The last question is whether the process will terminate, when we define the termination as each robot has settled down on one of the targets. The answer is definitely yes. Whenever at least one robot is moving, the total distance between the robots and the target nodes is strictly decreasing because there is no deadlock. Therefore, if each robot has a distinct target node, which means a perfect matching, they will eventually reach one of them. By the selection criteria, each robot will surely have the distinct target at last, and this guarantees the perfect matching.
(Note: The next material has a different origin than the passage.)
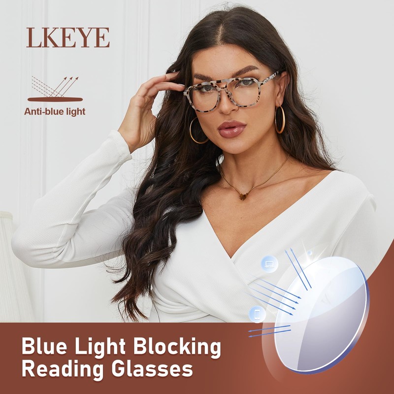 • ANTI-BLUE LIGHT & UV400 PROTECTION:Anti-scratch blue blocker fashion aviator oversized reading glasses with UV400 protection, effectively resist harmful blue rays. Stylish readers for women and men allow you to stop changing between blue light glasses and reading glasses. LKEYE blue light glasses provide all-day protection. Reduce eye fatigue when you use digital products (TV/Phone/LED Light/Computer/pad)
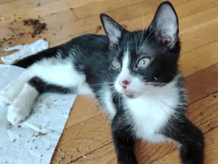 C’est avec plaisir que nous vous proposons à l'adoption ce chaton mâle au pelage noir et blanc de six mois nommé Europe. Fusionnel avec son frère Groenland, il serait ravi de vivre dans un même foyer que lui....

Analysis of the Distributed Matching: Successively Finding the Local Optimum

Here we explain the details of the proposed locally optimal matching and its performance compared with the global optimum. The algorithm is quite simple as shown in Algorithm 3. When a robot p has found that the other q occupied its target before it arrives, they merge their Matching list, {Rq, Tq} and {Rp, Tp}. Based on the merged Matching list and its starting node, it calculates the next target which is incident on the locally optimal matching Mp+q. We can efficiently obtain it by Hungarian algorithm[3] which has O(k3) runtime. Assume that each robot has the cost matrix C where Cij = cost of the shortest path from ri to tj.

Fig. 6. Two robots are deploying according to the proposed matching algorithm: (a) initially, robot #1 and #2 have the same target node by the local optimal matching (b) Robot #1 arrives earlier than #2, and now it has its matching list [{r1}, {t1}]. (c) Robot #2 finds out t1 has already been occupied upon its arriving at t1. (d) Robot #2 gets a new target t2 by calculating the locally optimal matching with [{r1, r2}, {t1}]. After arriving t2, it updates the matching list by [{r1, r2}, {t1, t2}]

It turns out that the proposed distributed deploying algorithm has O(k^2) asymptotical competitive ratio. Details can be found in our paper.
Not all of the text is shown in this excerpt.